What you have to do> From the material below, reproduce exactly the stretch of lines that begins with the line holding "而在新浪科技发起的一份近40" and ends with the line holding "Op deze verdieping", skipping the pictures.

Input data>

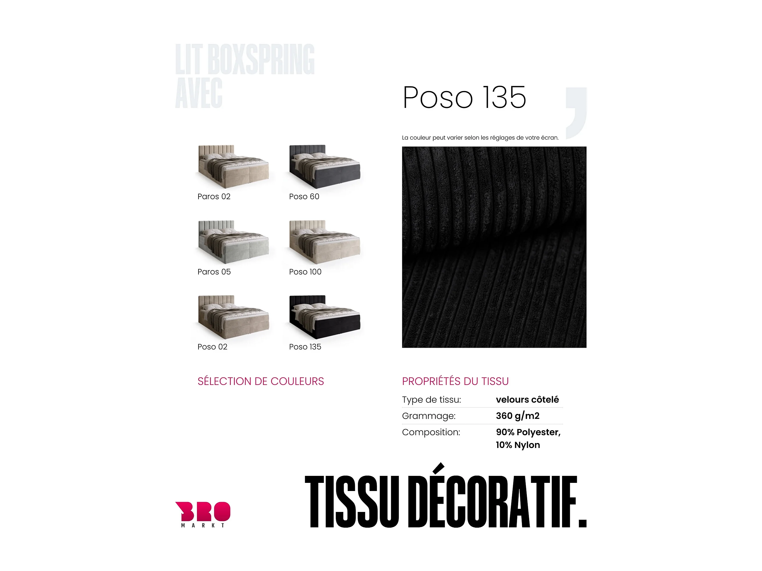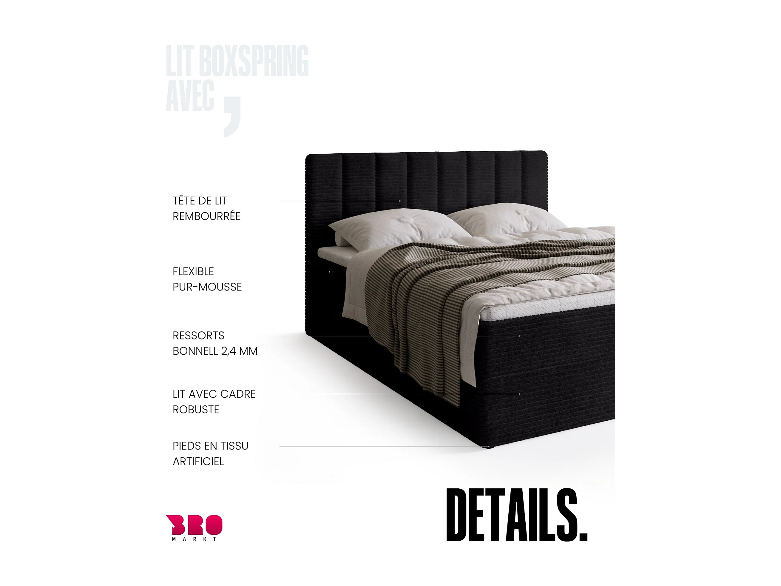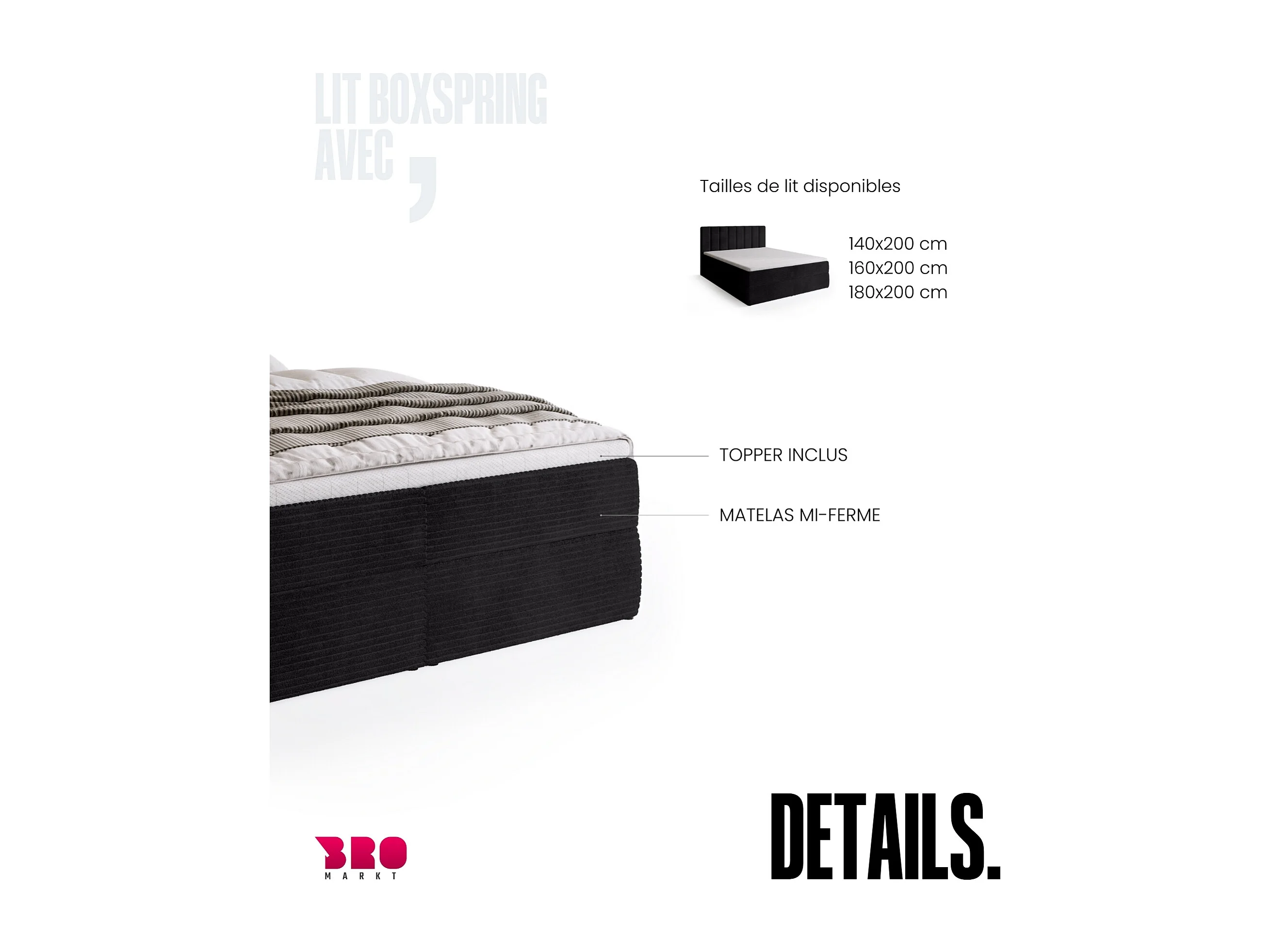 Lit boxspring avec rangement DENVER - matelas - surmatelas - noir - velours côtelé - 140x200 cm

...

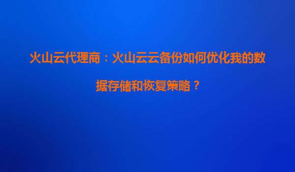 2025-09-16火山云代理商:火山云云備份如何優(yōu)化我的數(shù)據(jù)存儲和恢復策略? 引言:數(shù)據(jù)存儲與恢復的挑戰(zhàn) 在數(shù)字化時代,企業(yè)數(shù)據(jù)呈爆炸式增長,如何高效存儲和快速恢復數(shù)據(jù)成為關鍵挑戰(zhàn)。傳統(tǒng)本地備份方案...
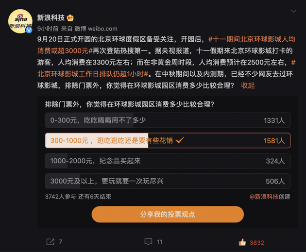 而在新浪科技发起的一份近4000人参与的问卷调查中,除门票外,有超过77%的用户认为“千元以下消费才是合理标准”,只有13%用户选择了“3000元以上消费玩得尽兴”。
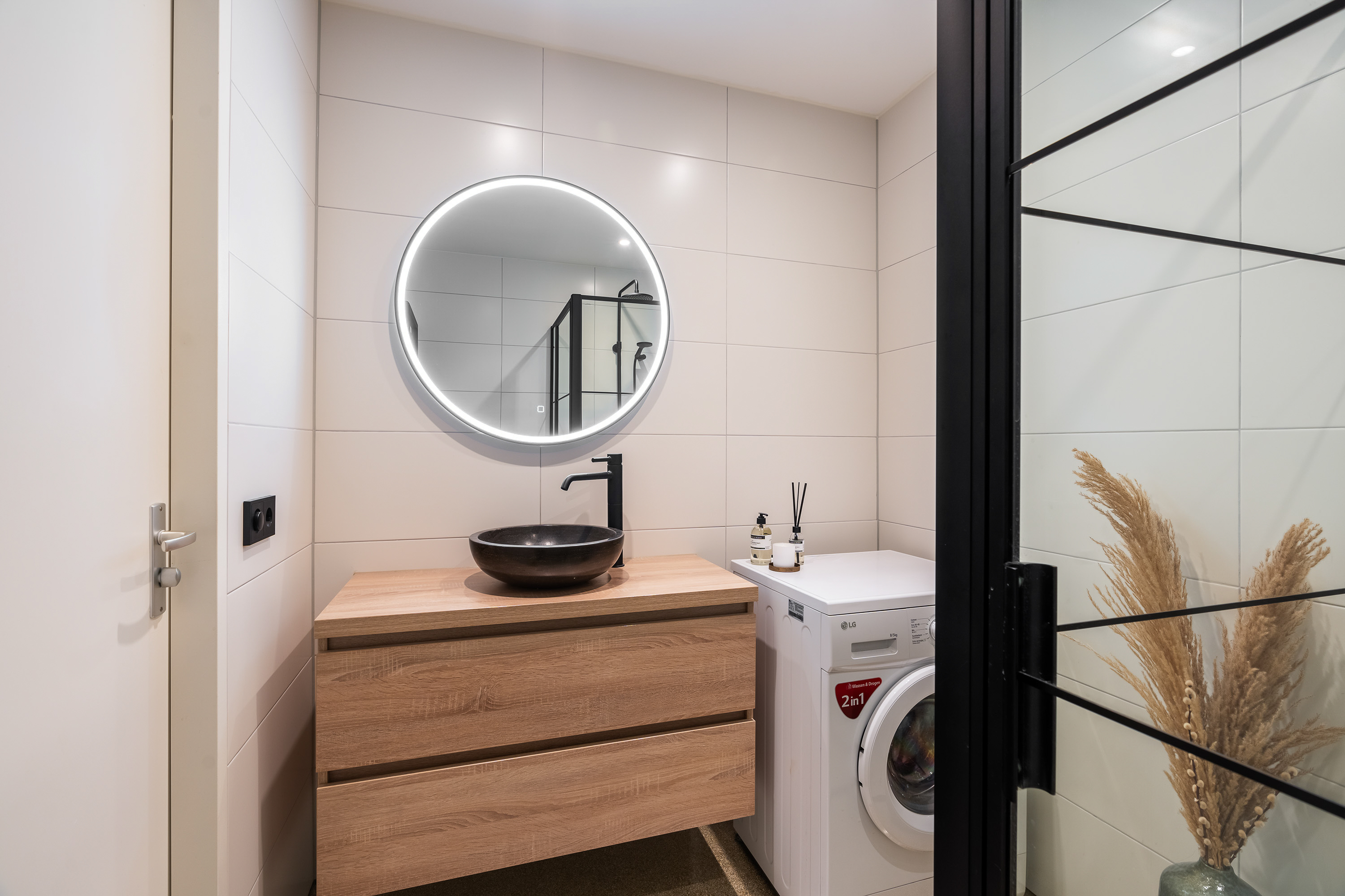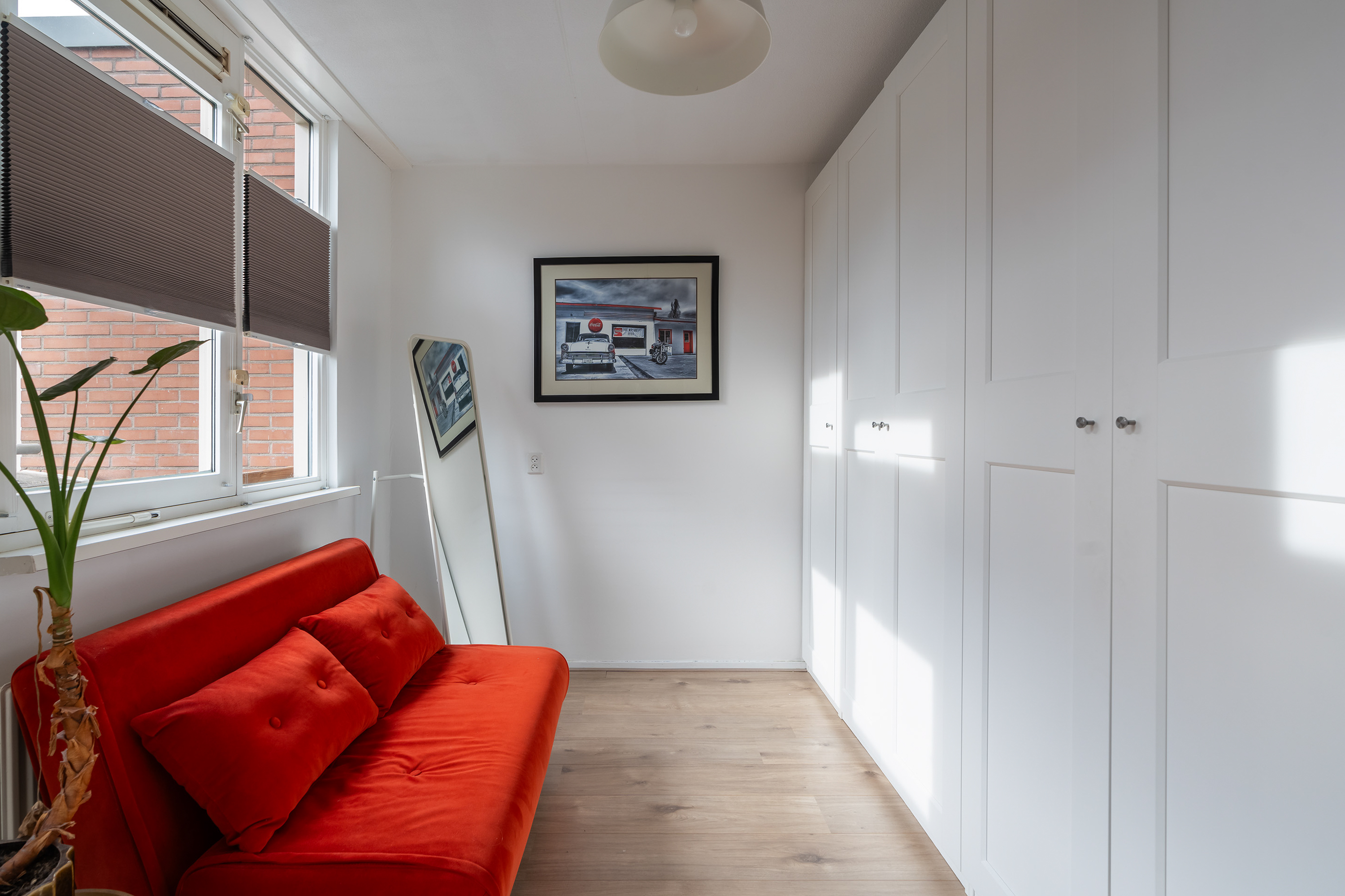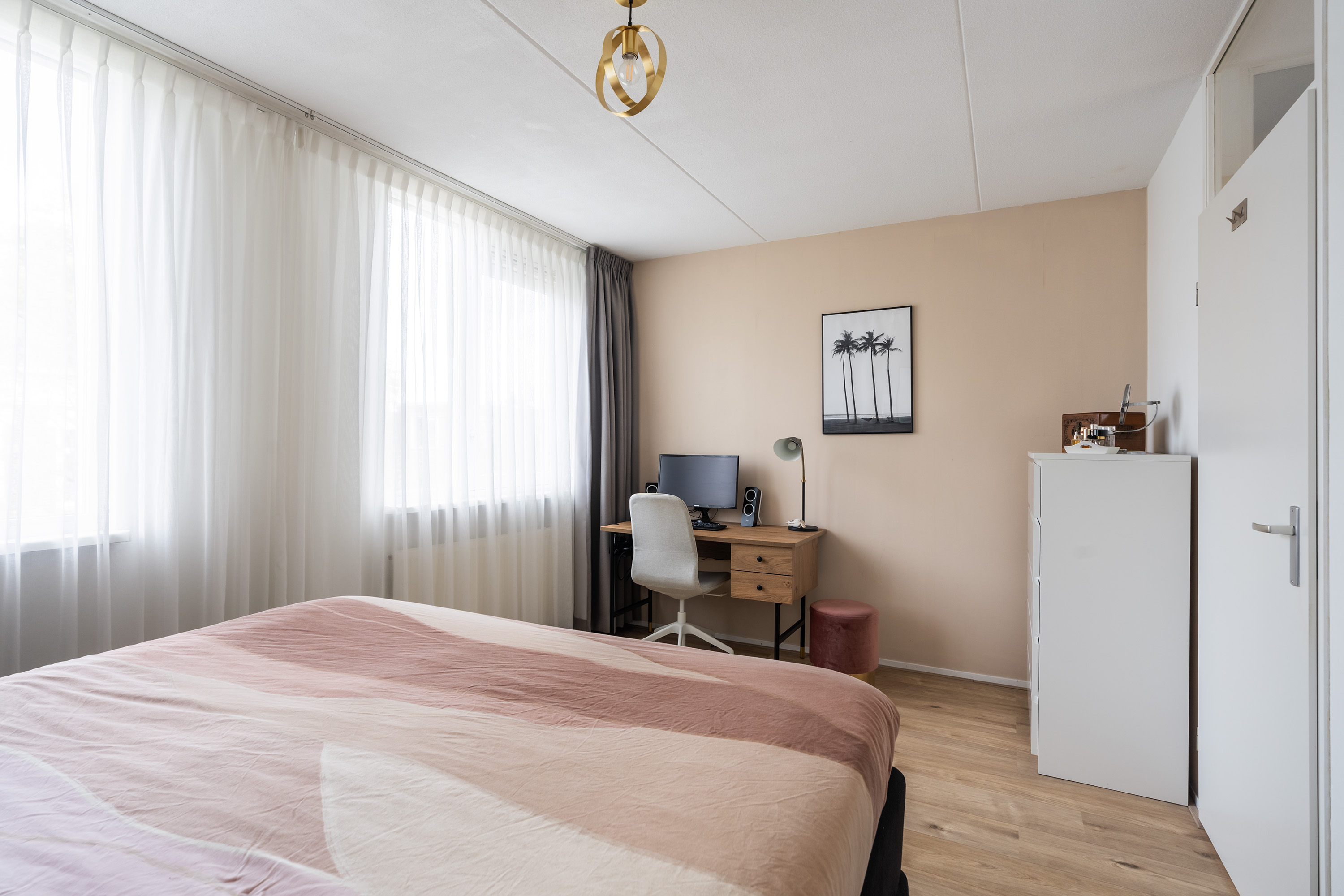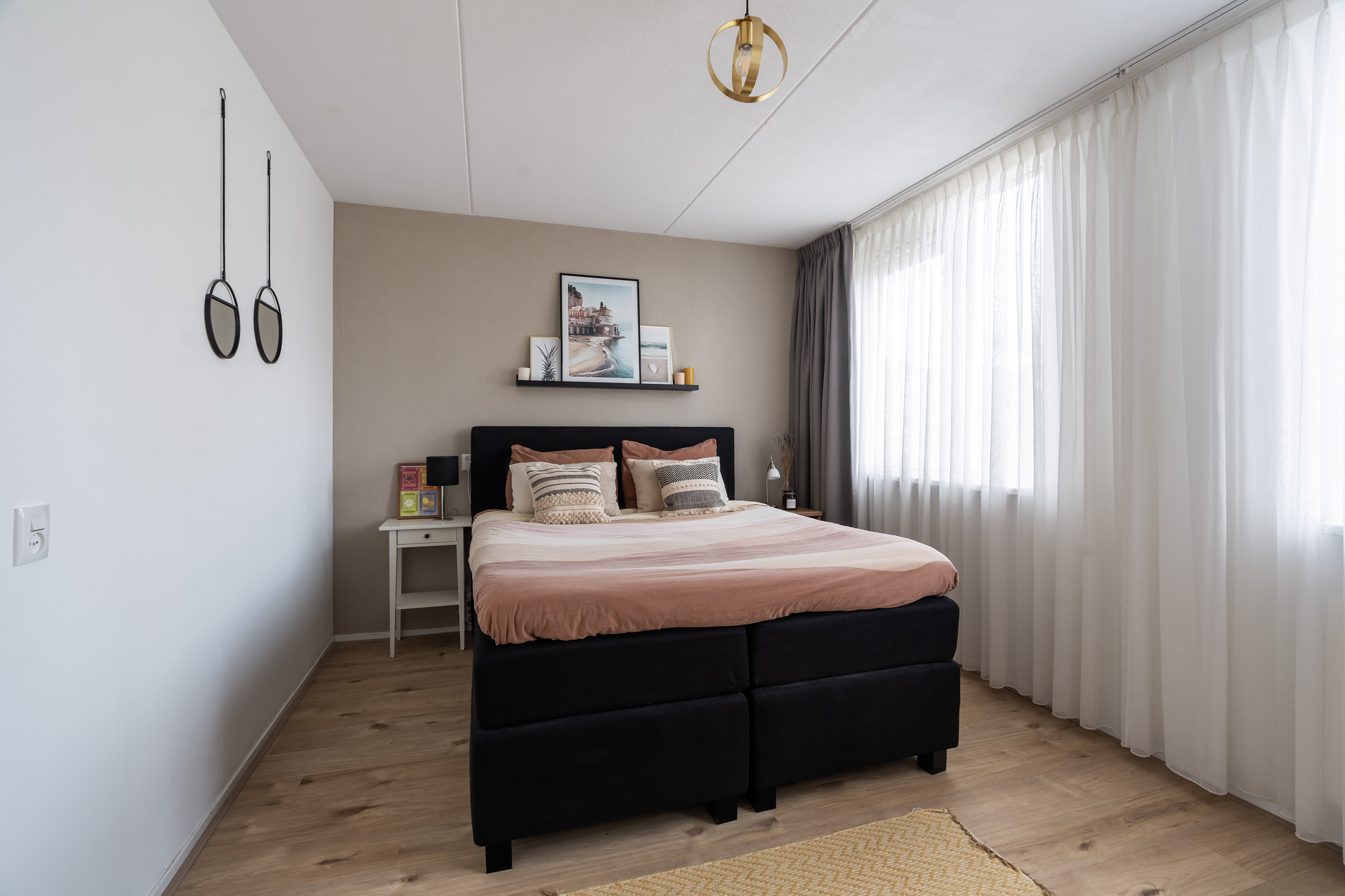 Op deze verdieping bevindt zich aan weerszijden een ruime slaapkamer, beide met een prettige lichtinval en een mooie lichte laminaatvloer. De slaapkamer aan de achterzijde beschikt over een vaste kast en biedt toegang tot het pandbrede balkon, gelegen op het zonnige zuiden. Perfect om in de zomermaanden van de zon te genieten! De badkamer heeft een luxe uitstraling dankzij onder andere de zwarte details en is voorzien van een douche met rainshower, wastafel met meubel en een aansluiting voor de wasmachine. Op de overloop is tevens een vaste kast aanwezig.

Result of this task>
 而在新浪科技发起的一份近4000人参与的问卷调查中,除门票外,有超过77%的用户认为“千元以下消费才是合理标准”,只有13%用户选择了“3000元以上消费玩得尽兴”。
 Op deze verdieping bevindt zich aan weerszijden een ruime slaapkamer, beide met een prettige lichtinval en een mooie lichte laminaatvloer. De slaapkamer aan de achterzijde beschikt over een vaste kast en biedt toegang tot het pandbrede balkon, gelegen op het zonnige zuiden. Perfect om in de zomermaanden van de zon te genieten! De badkamer heeft een luxe uitstraling dankzij onder andere de zwarte details en is voorzien van een douche met rainshower, wastafel met meubel en een aansluiting voor de wasmachine. Op de overloop is tevens een vaste kast aanwezig.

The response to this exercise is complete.